30.12.2013

The state of grace: Sergio Larraín


thisischile.cl describes the life and work of the great Chilean Sergio Larrain

From the start, his photographs were received more than well. He appeared in the Latin American art collection at the MoMA and won a scholarship from the British Council in 1958, which enabled him to shoot a feature on London. The feature impressed Henri Cartier Bresson, who held the keys to the Mount Olympus of photography: Magnum Photos. But to enter this select club, he had to pass one test. The Frenchman gave the Chilean an almost impossible mission: to photograph Giuseppe Russo, an Italian Mafioso wanted by police and accused of several murders. Larraín kept his cool and began an investigation in Rome which would take him as far as Sicily, taking photo after photo of everything he saw, until he finally found Russo in Caltanissetta. He spent fifteen days with the bodyguards, outside the circle of trust, without picking up a camera. The photographer passed himself off as a simple art aficionado and made himself so invisible that none of the entourage batted an eyelid when he finally snapped a picture of the mafia boss with a 35 mm Leica. The pictures were published in Life, Paris Match and all the top tier magazines. Larraín was accepted into Magnum in 1962, three years later.

The Aperture book reproduces a couple of letters that Larrain wrote to Cartier-Bresson. According to LBM the following letter was written in 1960

I try to do only work that I really care for. It is the only way for keeping me alive photographically, and I take as much time as I [need]. I keep myself in a slow peace, with much time for myself and doing other things, and see how photography develops…if it continues to develop… I do what I want the way I want, I feel that the rushing of journalism – being ready to jump on any story, all the time – destroy my love and concentration for work.

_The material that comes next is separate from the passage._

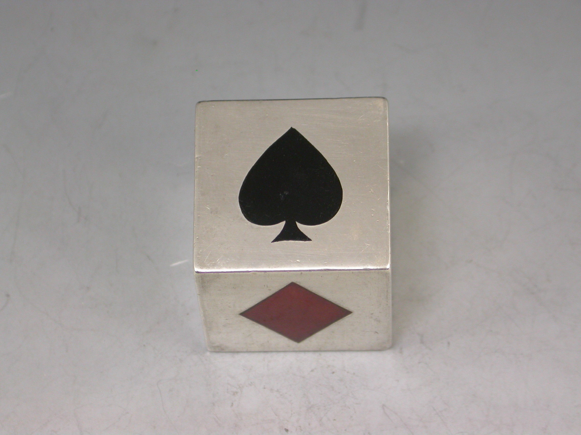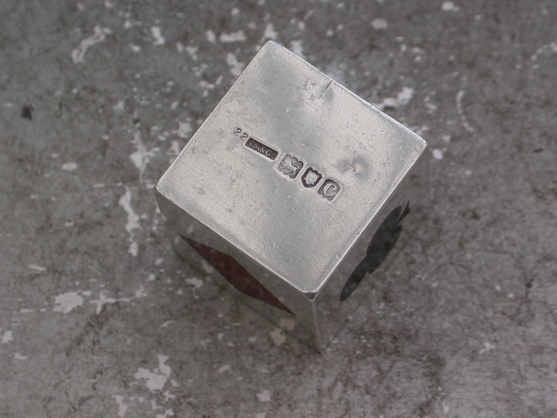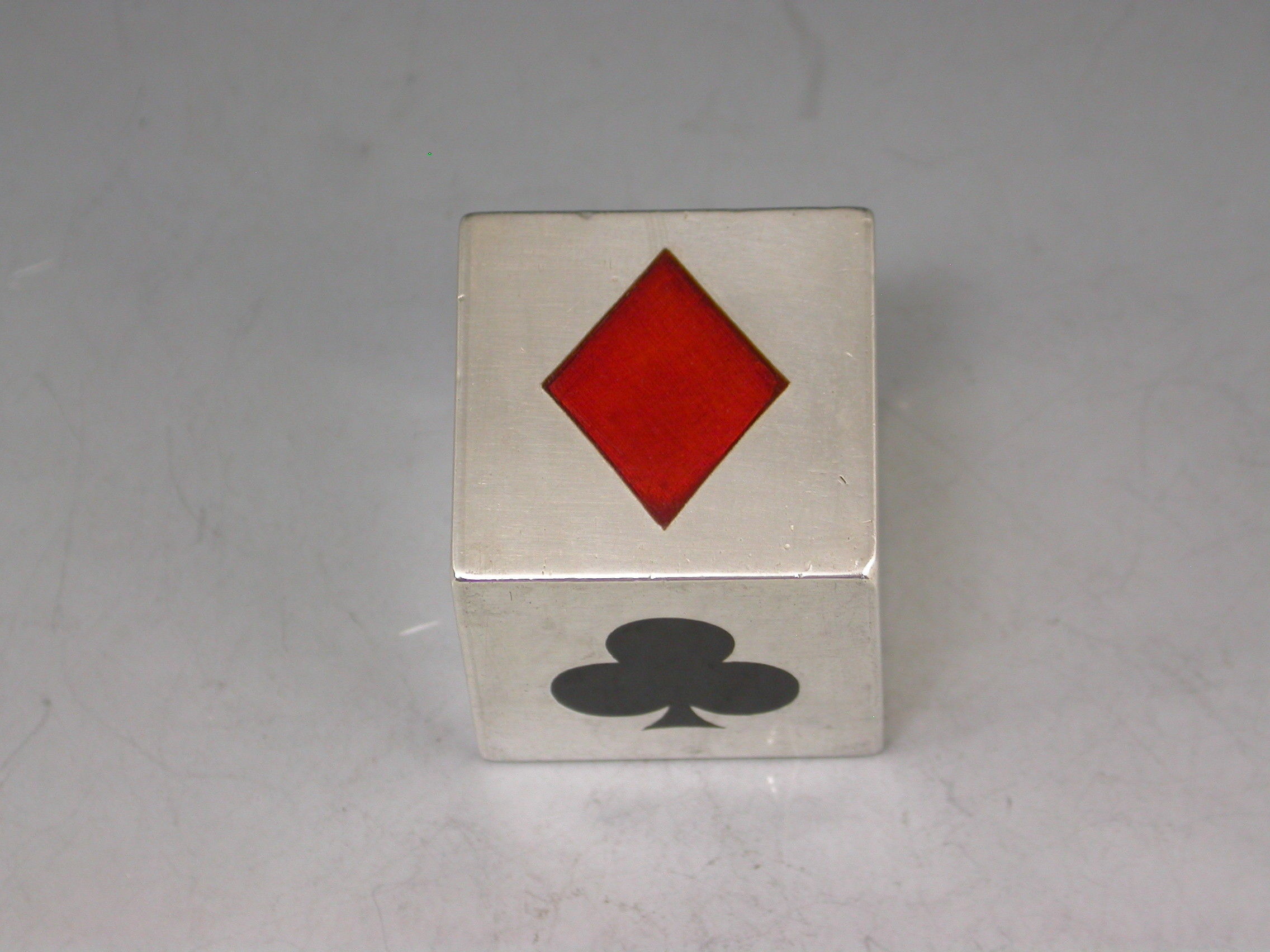 A rare Victorian silver and enamel Trumps Marker of cube or dice shape, enamelled with the four suits and with two plain sides for no trumps.
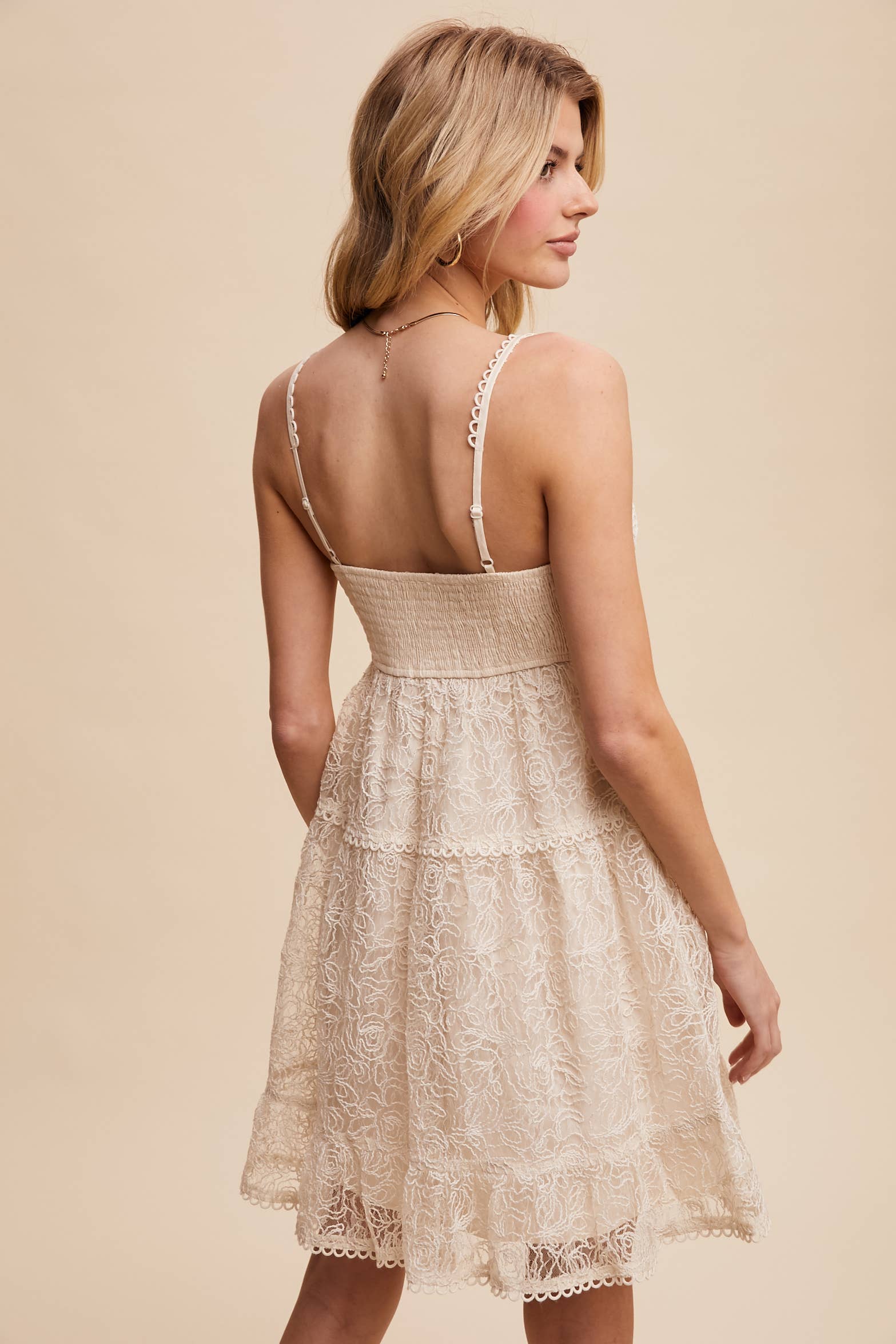 This floral lace tiered dress is perfect for garden parties, weddings, or a dreamy date night. Pair it with delicate heels and minimal jewelry for an effortlessly elegant look, or add a cropped cardigan for a chic layered style. Available in both light and dark color options to suit any occasion.

LBM complains that the Aperture book does not reproduce any of Larrain’s letters to Cartier-Bresson. Nevertheless it does include a 1987 letter Larrain wrote to the book’s editor, Agnès Sire, the current director of Foundation Henri Cartier-Bresson, being a prolific letter writer according to an obituary in The Guardian who had given up photography in the 1970ies

Good photography, or any other manifestation in man, comes from a state of grace. Grace comes when you are delivered from conventions, obligations, convenience, competition, and you are free, like a child in his first discovery of reality. You walk around in surprise, seeing reality as if [it is] for the first time.